Only the lines below from the one that holds "Seat guests in" through the one that holds "Bille blanche translucide" should appear in the answer, copied exactly, end lines included and pictures omitted.

> **DATA**
•••

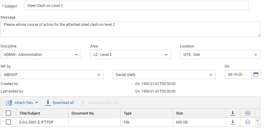 Initiator section: The initiator section of the form contains a distribution list, subject, message and standard fields (such as discipline, area and location). The recipient will also be able to see who created the form, who last edited it and the corresponding dates. Note: Only the Company administrator or the creator of the form can edit this section.
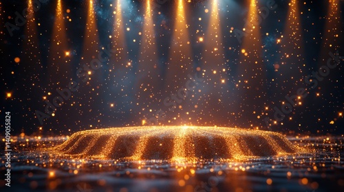Golden Glittering Stage with Spotlight Effects
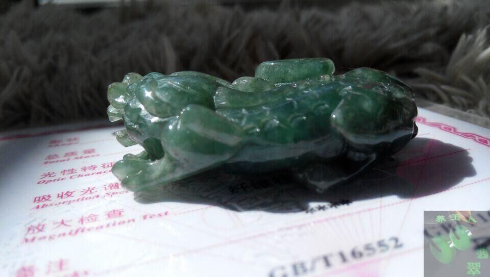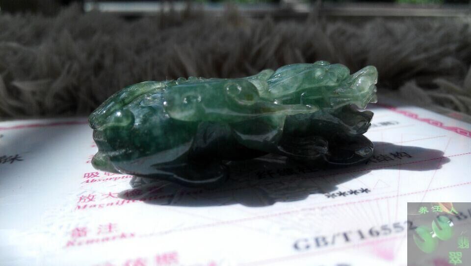 12. 墨翠 我们也叫墨玉,是一种珍贵而稀有的,充满神秘色彩,贵气十足的高档翡翠,色沉如墨,缅甸人称其为“情人的影子”,港台人又称其为“成功男人的影子”,可想而知它受欢迎的程度了。 墨翠实际上并非黑色,是很深的绿色。由绿辉石或碱性角闪石或者次生的氧化物所致。墨翠的好坏跟其它翡翠一样,也有种色之分,工艺在墨翠的价格占很大一部分比例。 墨翠埋藏于地表深处,产量稀少开采有限,现在翡翠市场上墨翠的占有率小于2%,它独特的隐性颜色特征,配合上中国的雕刻艺术和玉文化,所以极具诱惑力,种水好品质高的,价值不菲。 墨翠因其离地心较近故磁场较强,风水师一致认可墨翠具有辟邪、防毒虫、驱猛兽的作用,更有招引财气的磁场。颜色由墨绿到黝黑,在普通日光下或反射光下呈现黑色,而透射光下呈现翠绿或暗绿的色彩,色重、质地细腻、颗粒致密。
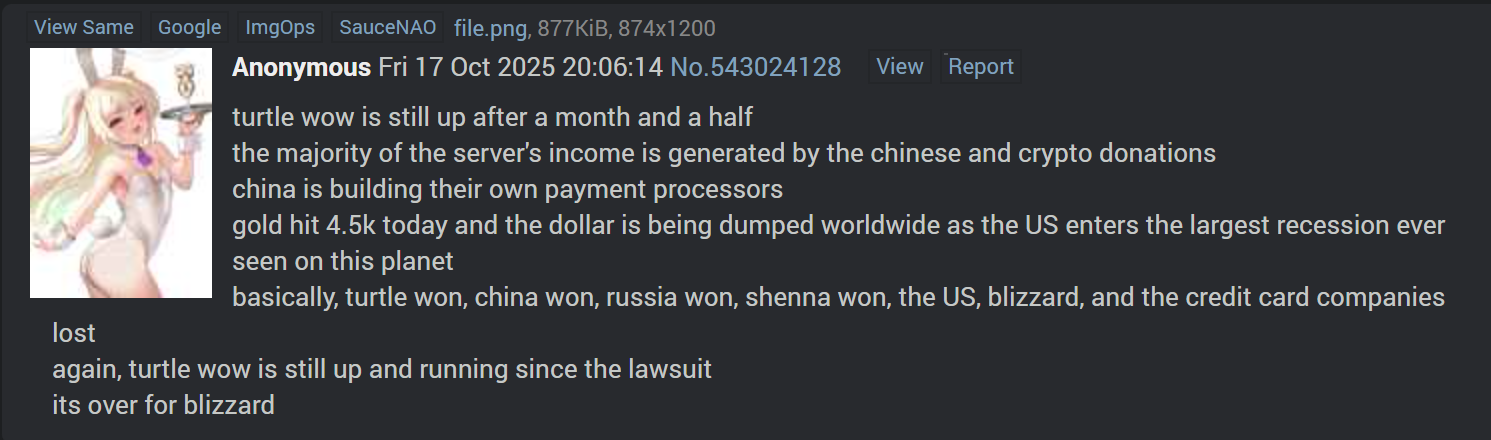 >>563962363>all these blizzard shill apologists replying to this acting like it is completely fine that Turtle is getting shut downOur general is being raided right now
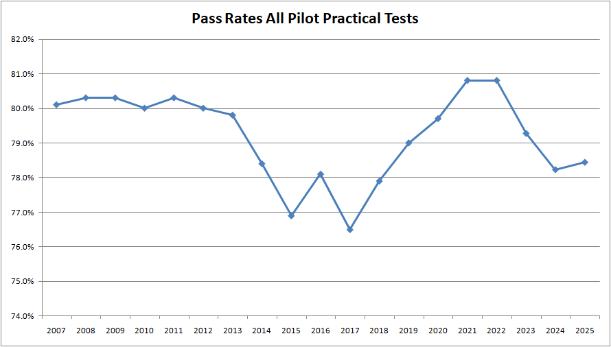 When it comes to sheer numbers, what this means is that, in one context, it means that if we consider that DPEs conducted 14,077 practical tests for CFI applicants (passes and failures included), that drop in pass rate from 75.2% to 73.7% means that DPEs had to do an additional 280 retest practical tests. That is the equivalent of a fully active high-activity DPE. The point I am making here is that pass rates affect lots of things, including DPE availability.
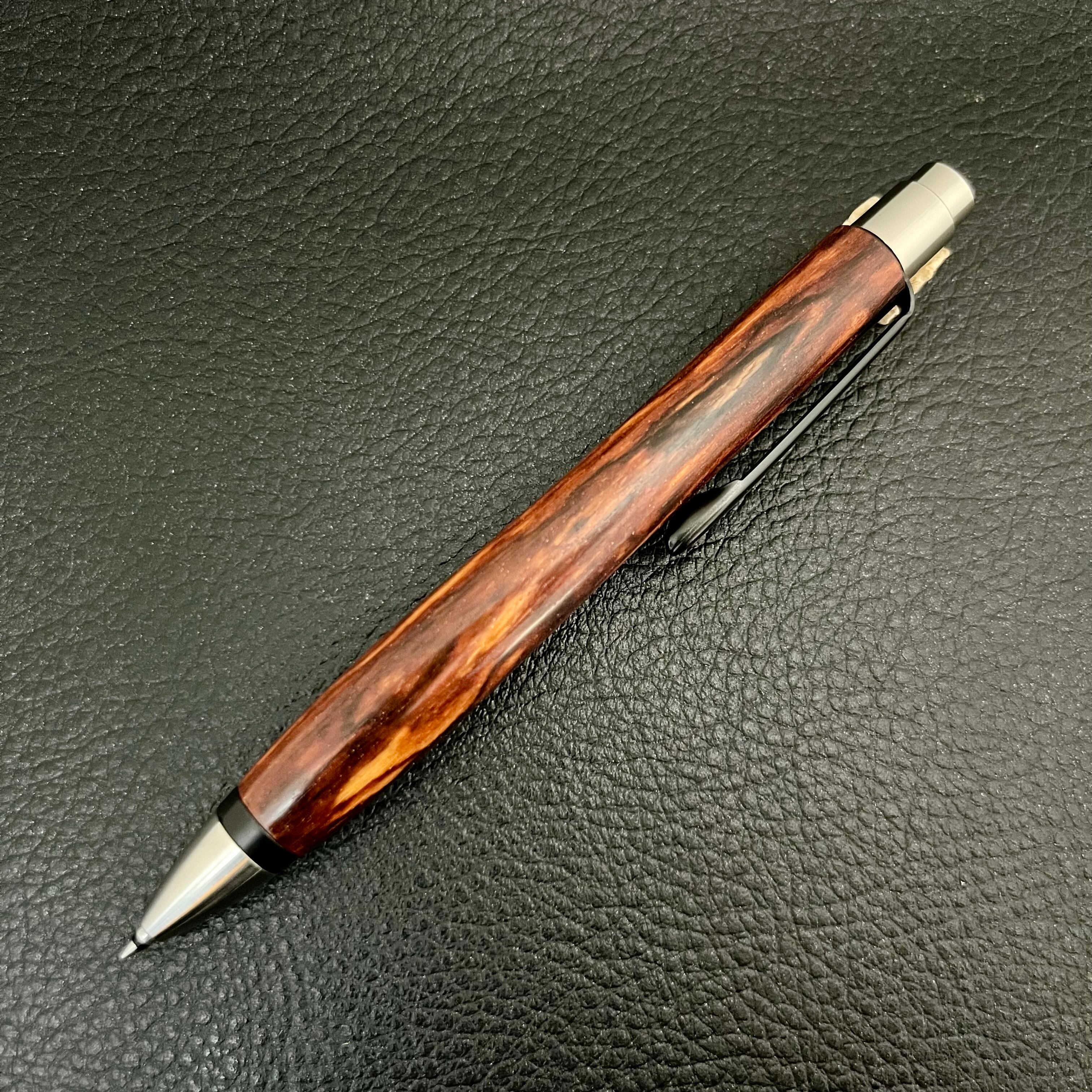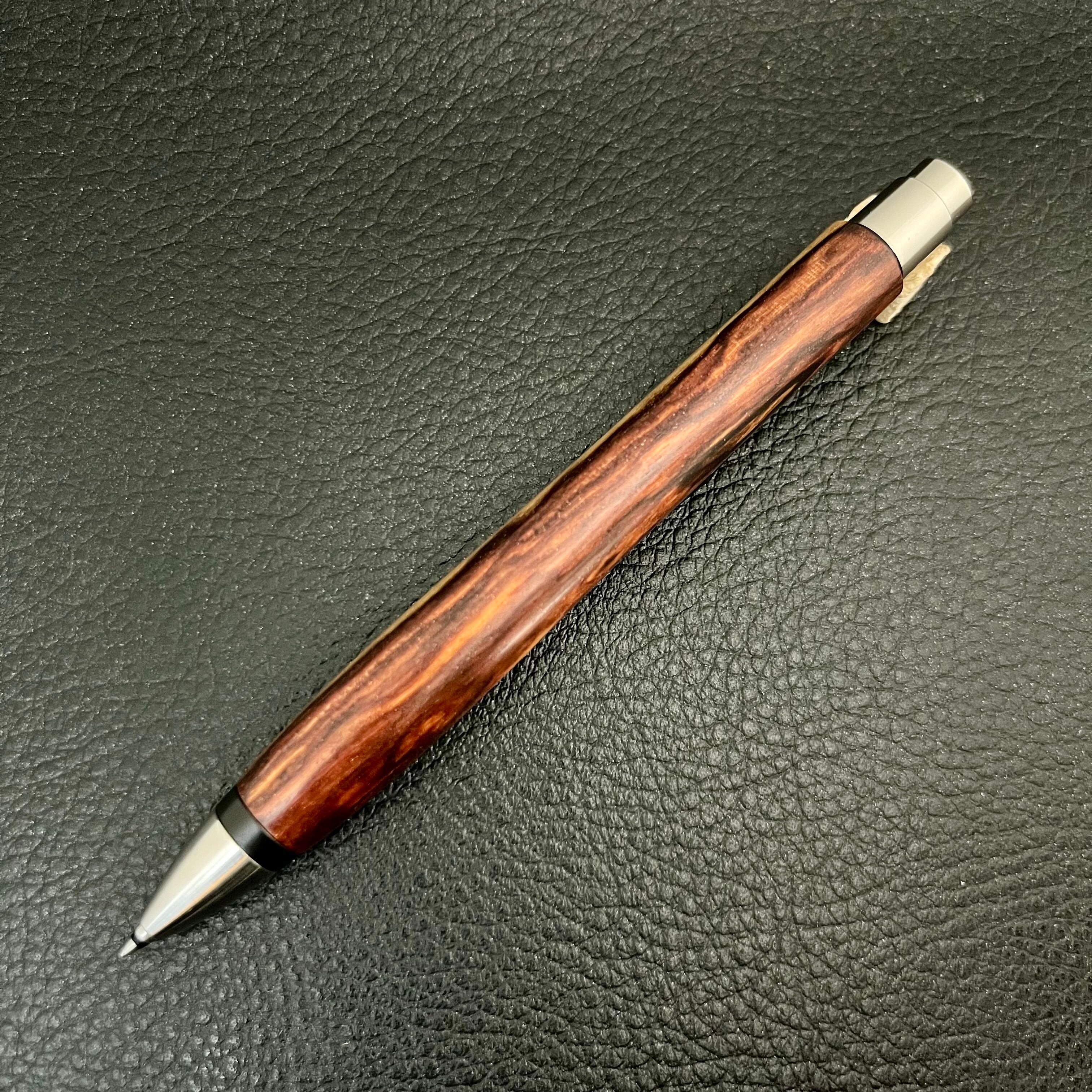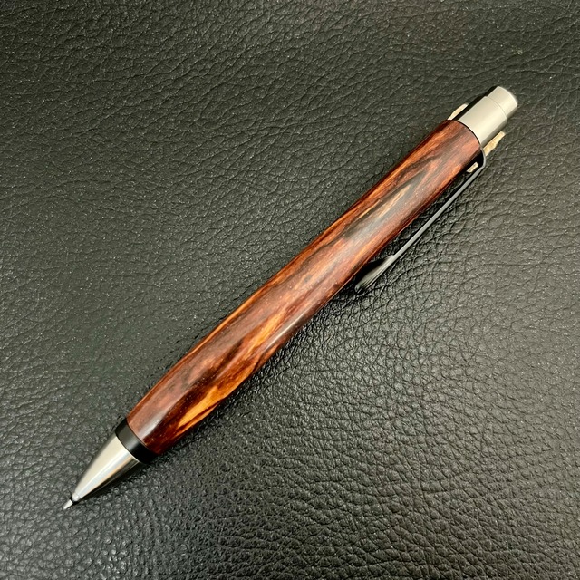 ボールペンのノックシステムは、ドイツ最高のクリックメカニズムを採用してあります。このメカニズムはユニークな機構のため、クリックしたときのカチカチ音が静かで、どんな場所でも気兼ねなく使うことができます。滑らかに動くこのプッシュ感覚を一度味わうと他には戻れなくなってしまうほどの魅力があります。 高級ステンレス材を100分の1単位の加工精度で削り出された口金により芯ブレも全くありません。内部のアルミを使ったリフィルアダプターもオリジナルです。
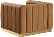 Seat guests in the epitome of comfort and style with this Marlon velvet chair. This piece is just the thing to showcase your modish style while ensuring total enjoyment from all who are lucky enough to relax on its channel tufted seats. The soft velvet upholstery adds a beautiful touch to your space and feels great against your skin while the brushed stainless steel base lends it a contemporary finish.
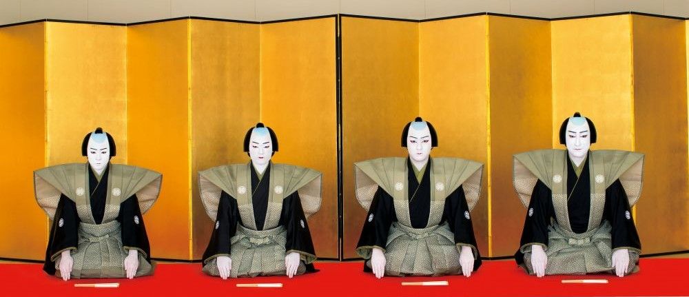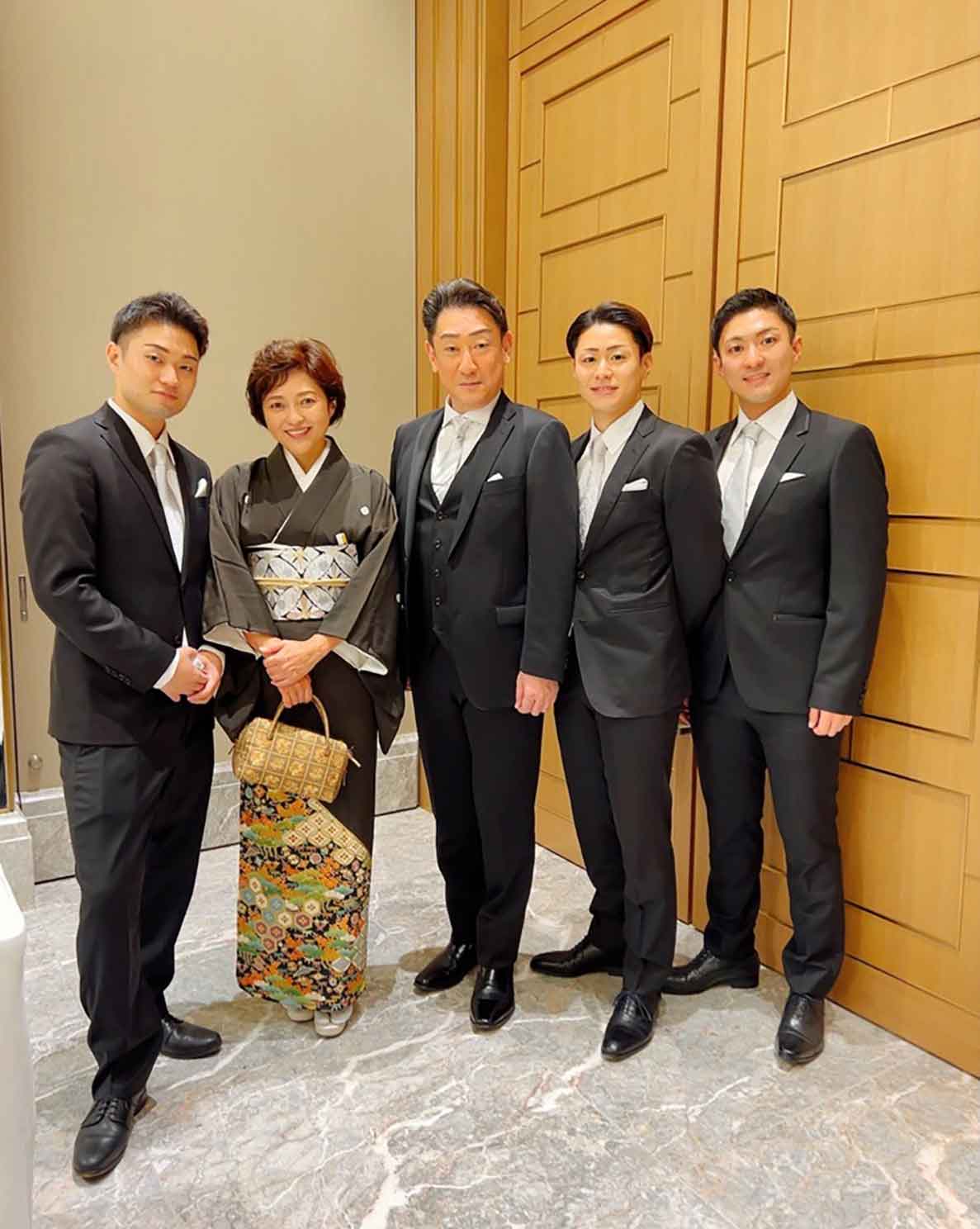中村家ご一家で。 左から、福之助さん、三田さん、芝翫さん、歌之助さん、橋之助さん(写真提供:プントリネア)
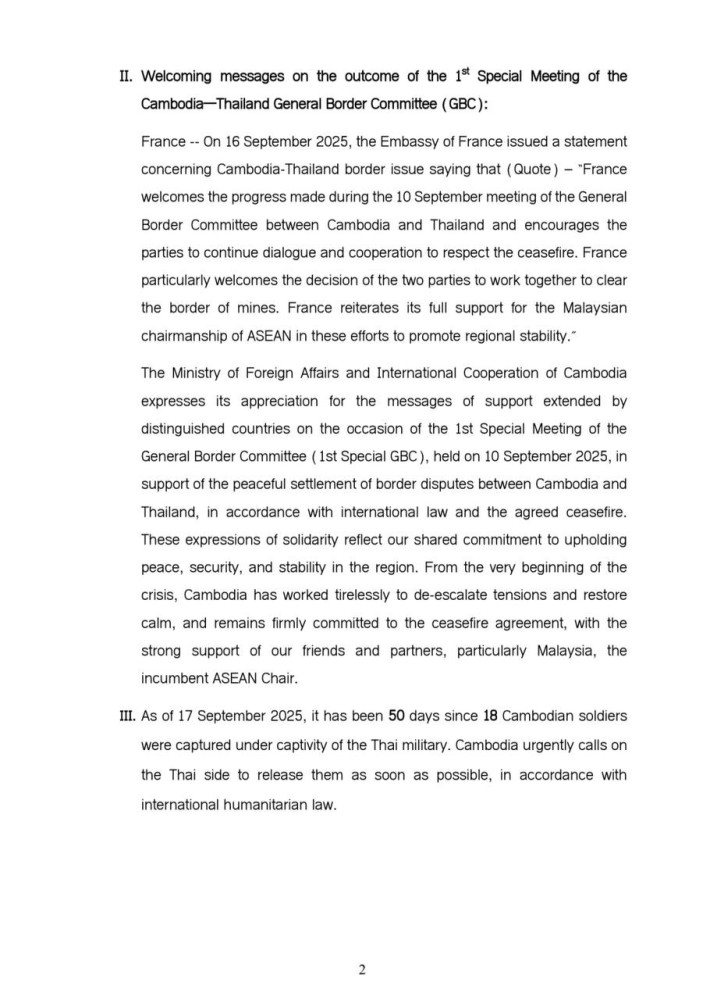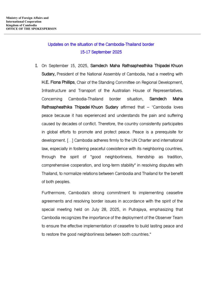 Updates on Situation along Cambodia-Thailand Border on Sept. 15-17, 2025
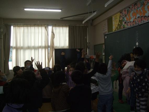 人形劇や子どもたちの背よりも大きい紙芝居,開くと畳より大きい絵本とそのお話に子どもたちは大喜び!とても楽しい会でした。ありがとうございました。
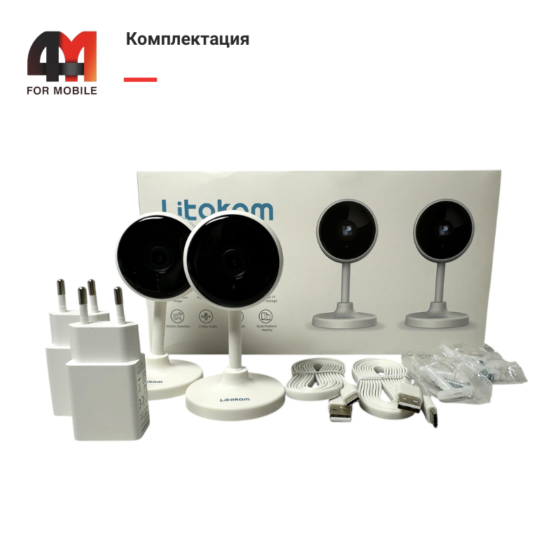 Комплектация: 2 х камера, 2 х кабель для зарядки Type-c, 2 х сетевых адаптера 2 х 3М двусторонние наклейки, 2 х набор винтовых кронштейнов, руководство пользователя.
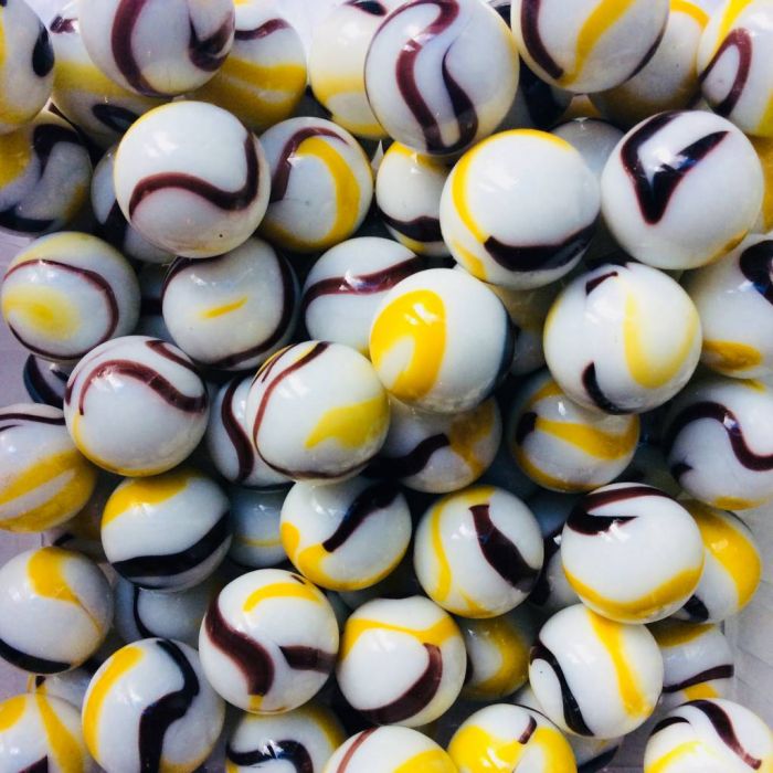 Bille blanche translucide ornée de rayures brunes et jaunes.
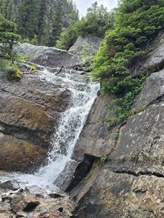 The path is a serene ride with pine and aspen trees lining each side of the street. Hardly any cars come by, so it is quiet and peaceful. I keep a vigilant eye out for another bear siting but don’t see more. Another member of our group has already seen three. A light drizzle begins to fall, enough to cool you off from working hard on the hills. With my legs squishy and sore backside, I tackle the hills slowly which gives me more of a chance to scan the forest areas. Eventually I make it through to the Lake Louis Inn for the ride completion.
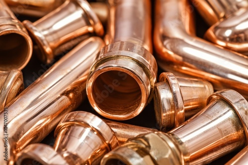 Naklejka premium Copper Pipes Construction for Plumbing Work with Metal Fittings on Water...
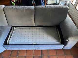 Vends canapé d'angle gauche 5 places en microfibre bleu, convertible. Largeur de lit 1,40m sur ressorts. Dimension 2,70m x 1,80m. Se démonte en 3 parties. Bon état général mais pré
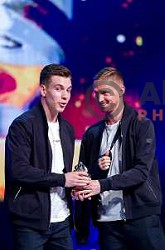 Mark Zabukovnik and Zan Karnicnik of NK Celje during Best Slovenian Sportsman of 2025 - Sportnik leta in Ljubljana, Slovenia on December 9, 2025

•••

> **TASK SOLUTION**
 Seat guests in the epitome of comfort and style with this Marlon velvet chair. This piece is just the thing to showcase your modish style while ensuring total enjoyment from all who are lucky enough to relax on its channel tufted seats. The soft velvet upholstery adds a beautiful touch to your space and feels great against your skin while the brushed stainless steel base lends it a contemporary finish.
中村家ご一家で。 左から、福之助さん、三田さん、芝翫さん、歌之助さん、橋之助さん(写真提供:プントリネア)
 Updates on Situation along Cambodia-Thailand Border on Sept. 15-17, 2025
 人形劇や子どもたちの背よりも大きい紙芝居,開くと畳より大きい絵本とそのお話に子どもたちは大喜び!とても楽しい会でした。ありがとうございました。
 Комплектация: 2 х камера, 2 х кабель для зарядки Type-c, 2 х сетевых адаптера 2 х 3М двусторонние наклейки, 2 х набор винтовых кронштейнов, руководство пользователя.
 Bille blanche translucide ornée de rayures brunes et jaunes.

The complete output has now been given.